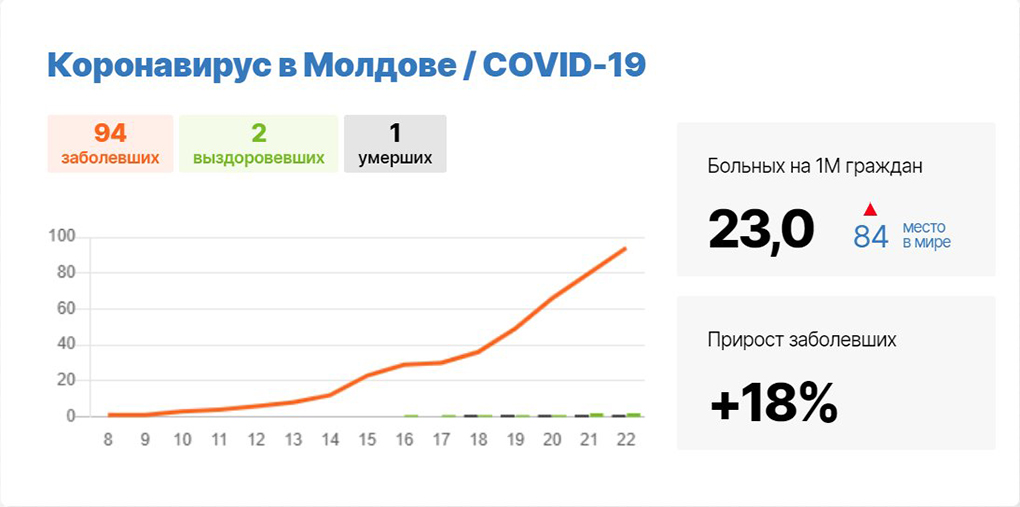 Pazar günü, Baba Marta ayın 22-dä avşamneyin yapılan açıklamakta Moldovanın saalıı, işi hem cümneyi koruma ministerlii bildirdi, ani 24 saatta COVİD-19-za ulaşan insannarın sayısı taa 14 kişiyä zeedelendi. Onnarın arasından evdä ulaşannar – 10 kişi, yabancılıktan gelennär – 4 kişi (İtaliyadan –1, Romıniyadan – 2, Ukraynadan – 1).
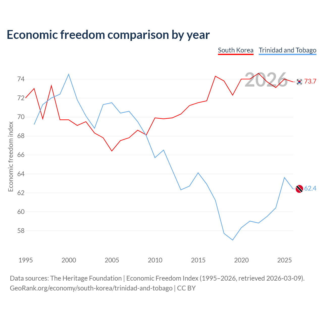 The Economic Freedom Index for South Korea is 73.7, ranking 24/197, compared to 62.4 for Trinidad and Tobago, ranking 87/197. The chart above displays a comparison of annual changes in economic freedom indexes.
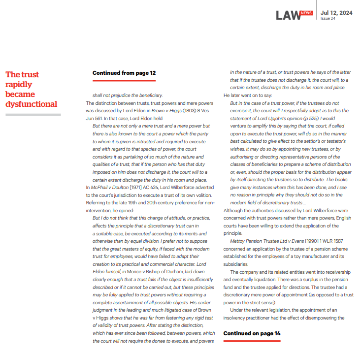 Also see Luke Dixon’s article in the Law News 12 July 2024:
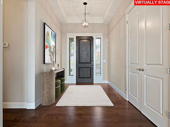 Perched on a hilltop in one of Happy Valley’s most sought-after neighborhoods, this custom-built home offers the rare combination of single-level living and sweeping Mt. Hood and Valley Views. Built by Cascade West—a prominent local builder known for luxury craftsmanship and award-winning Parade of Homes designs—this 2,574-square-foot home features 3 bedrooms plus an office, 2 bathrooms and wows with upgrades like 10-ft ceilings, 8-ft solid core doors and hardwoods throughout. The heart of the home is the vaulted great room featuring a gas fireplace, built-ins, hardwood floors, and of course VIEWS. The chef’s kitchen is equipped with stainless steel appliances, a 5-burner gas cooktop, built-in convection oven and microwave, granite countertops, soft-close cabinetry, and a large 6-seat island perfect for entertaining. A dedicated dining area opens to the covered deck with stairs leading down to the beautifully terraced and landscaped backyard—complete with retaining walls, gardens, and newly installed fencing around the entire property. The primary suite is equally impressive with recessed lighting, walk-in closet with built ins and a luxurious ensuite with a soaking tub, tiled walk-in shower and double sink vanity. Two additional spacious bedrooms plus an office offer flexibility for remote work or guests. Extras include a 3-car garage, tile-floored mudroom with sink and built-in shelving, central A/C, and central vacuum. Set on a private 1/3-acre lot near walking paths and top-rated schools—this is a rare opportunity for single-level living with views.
---
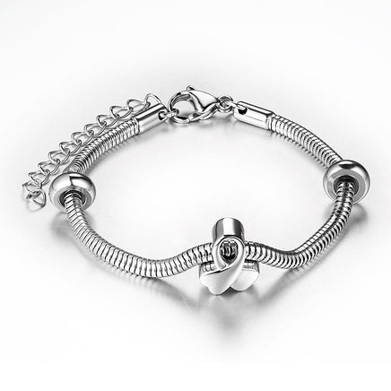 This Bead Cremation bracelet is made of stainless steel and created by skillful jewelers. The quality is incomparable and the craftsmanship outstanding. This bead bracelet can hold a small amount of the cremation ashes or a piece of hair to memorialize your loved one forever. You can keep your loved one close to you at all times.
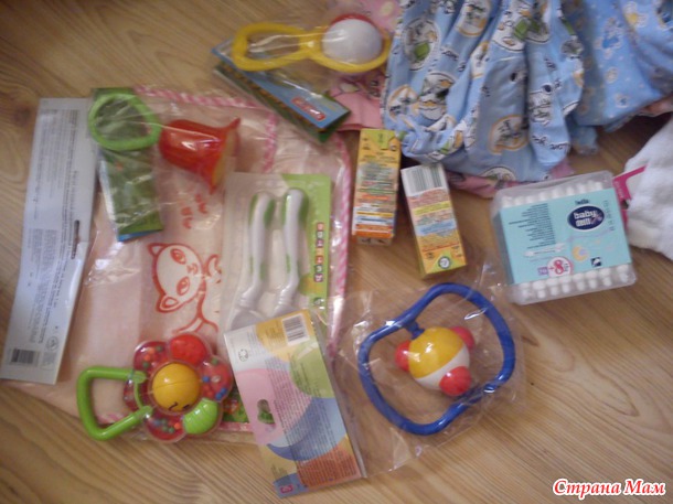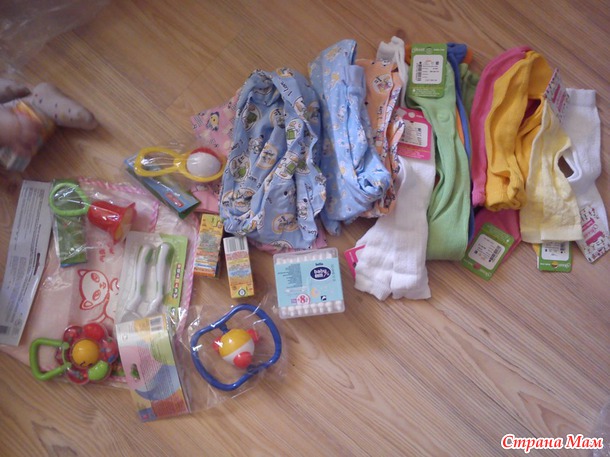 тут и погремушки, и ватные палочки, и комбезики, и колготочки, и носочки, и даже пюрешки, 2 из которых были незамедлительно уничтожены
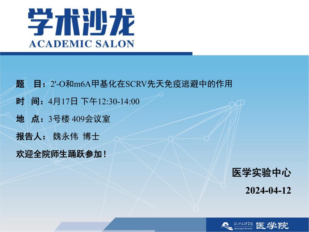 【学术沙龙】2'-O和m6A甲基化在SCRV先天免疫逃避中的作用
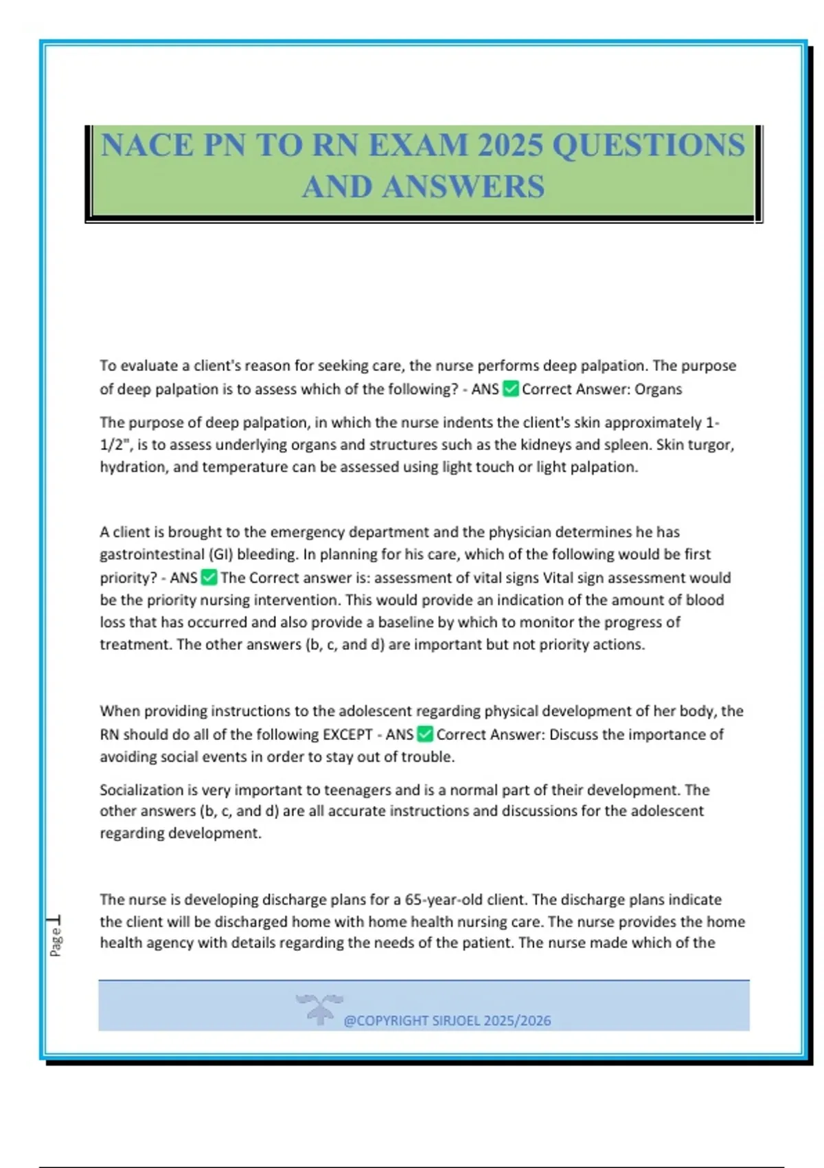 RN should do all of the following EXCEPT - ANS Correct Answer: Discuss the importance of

*Task statement*
Would you output the lines above from the line holding "This Bead Cremation" up to and including the line holding "RN should do", exactly and only those, with no pictures?

*Reply to the exercise*
 This Bead Cremation bracelet is made of stainless steel and created by skillful jewelers. The quality is incomparable and the craftsmanship outstanding. This bead bracelet can hold a small amount of the cremation ashes or a piece of hair to memorialize your loved one forever. You can keep your loved one close to you at all times.
 тут и погремушки, и ватные палочки, и комбезики, и колготочки, и носочки, и даже пюрешки, 2 из которых были незамедлительно уничтожены
 【学术沙龙】2'-O和m6A甲基化在SCRV先天免疫逃避中的作用
 RN should do all of the following EXCEPT - ANS Correct Answer: Discuss the importance of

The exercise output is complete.